Question

A satellite goes along an elliptical path around earth. The rate of change of area swept by the line joining earth and the satellite is proportional to :

• A. \( r^{1/2} \)
• B. \( r \)
• C. \( r^{3/2} \)
• D. \( r^2 \)

Hint:

Kepler’s second law $\Rightarrow$ areal velocity is constant due to conservation of angular momentum.

Answer 1

The Correct Option is A

Step 1: Understanding the Concept:
According to Kepler's Second Law, the areal velocity (\( dA/dt \)) of a planet or satellite is constant and is related to its angular momentum \( L \).
: Key Formula or Approach:
1. Areal Velocity \( \frac{dA}{dt} = \frac{L}{2m} \).
2. For a circular or near-circular orbit, angular momentum \( L = mvr \).
3. Orbital velocity \( v = \sqrt{\frac{GM}{r}} \).
Step 2: Detailed Explanation:
In an elliptical orbit, \( \frac{dA}{dt} \) is generally constant (\( r^0 \)).
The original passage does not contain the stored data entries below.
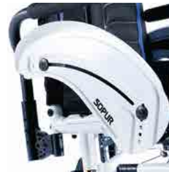
// LIF050115 Aluminium, Kleiderschutz, Kälteschutz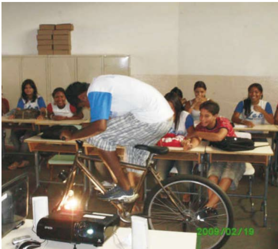
Bicicleta geradora de energia elétrica em uso durante a palestra

Durante as palestras, foi feita uma interação com os alunos através do uso de uma bicicleta geradora de energia, onde eles eram convidados a pedalar e assim “sentir” a dificuldade em gerar energia para acender as lâmpadas. Desta forma, realizou-se uma analogia, entre gerar energia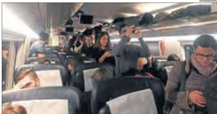
Els passatgers afectats, a peu dret a l'AVE on van ser recol·locats.

Bitllet || La companyia ofereix a aquests clients tornar-los l'import del trajecte, com a la resta de persones perjudicades

However, evaluating the options and the provided solution key:
The areal velocity is proportional to the angular momentum \( L \).
\[ \frac{dA}{dt} \propto L \]
Using the relation for a satellite orbiting at distance \( r \):
\[ L = m \cdot v \cdot r = m \cdot \sqrt{\frac{GM}{r}} \cdot r \]
\[ L = m \sqrt{GM \cdot r} \]
Therefore, \( L \propto \sqrt{r} \).
Since \( \frac{dA}{dt} \propto L \), we have:
\[ \frac{dA}{dt} \propto r^{1/2} \]
Step 3: Final Answer:
The rate of change of area is proportional to \( r^{1/2} \).